- _EXERCISE BRIEF_
A verbatim reproduction of the following listing is required; omit the pictures.

- _SUPPLIED INFORMATION_
———

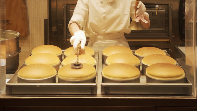 ベルの音が聞こえたら、焼きたてが並ぶ合図です。朝の10時から随時、1度に12個ずつ、デンマーク産のクリームチーズをたっぷり使ったふわふわチーズケーキが焼きあがります。ほわっと湯気とともにほおばるとシュワシュワの口どけです。
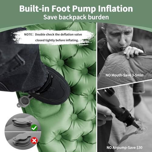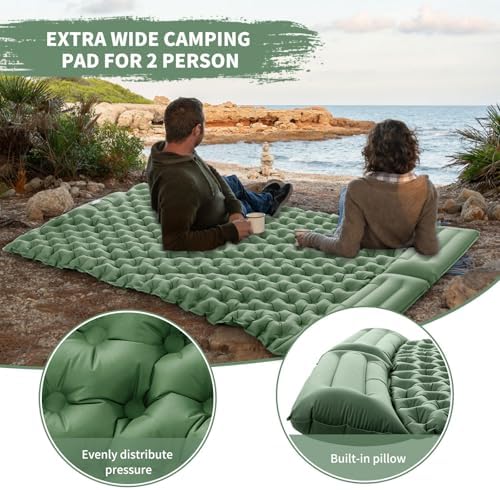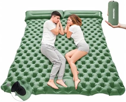【Fast Inflation and Deflation】 The double sleeping mat has a built-in foot pump that takes solely 2-3 minutes to totally inflate utilizing foot strain. As well as, after opening the venting valve, rolling up or urgent the sleeping pad can launch air sooner. The air valve of the sleeping mat adopts a double-layer design and has a built-in anti-leak movie, so that you don’t have to fret about air leakage!
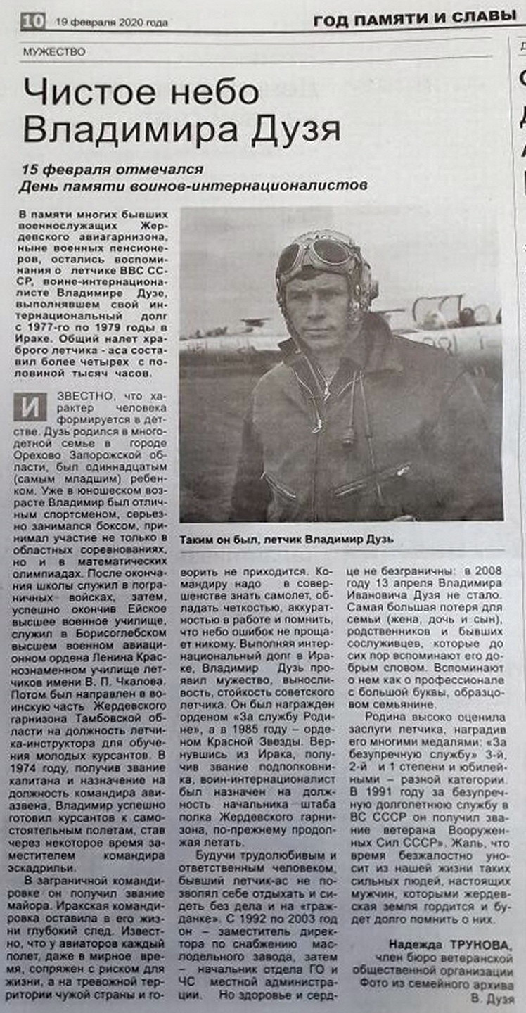 Дузь Владимир Иванович - военный лётчик ВВС СССР, родился 30 сентября 1946 года в г. Орехово Запорожской области. Он вырос в многодетной семье, был одиннадцатым ребёнком в семье, самым младшим.
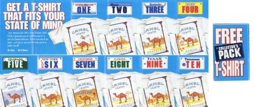 Promotion included on a Camel cigarette pack with an offer for a t-shirt with a limited edition Lights collector pack design, featuring ten US states, in exchange for C-notes (Camel Cash). Includes an order form on the back.

———

- _RESULT BELOW_
 ベルの音が聞こえたら、焼きたてが並ぶ合図です。朝の10時から随時、1度に12個ずつ、デンマーク産のクリームチーズをたっぷり使ったふわふわチーズケーキが焼きあがります。ほわっと湯気とともにほおばるとシュワシュワの口どけです。
【Fast Inflation and Deflation】 The double sleeping mat has a built-in foot pump that takes solely 2-3 minutes to totally inflate utilizing foot strain. As well as, after opening the venting valve, rolling up or urgent the sleeping pad can launch air sooner. The air valve of the sleeping mat adopts a double-layer design and has a built-in anti-leak movie, so that you don’t have to fret about air leakage!
 Дузь Владимир Иванович - военный лётчик ВВС СССР, родился 30 сентября 1946 года в г. Орехово Запорожской области. Он вырос в многодетной семье, был одиннадцатым ребёнком в семье, самым младшим.
 Promotion included on a Camel cigarette pack with an offer for a t-shirt with a limited edition Lights collector pack design, featuring ten US states, in exchange for C-notes (Camel Cash). Includes an order form on the back.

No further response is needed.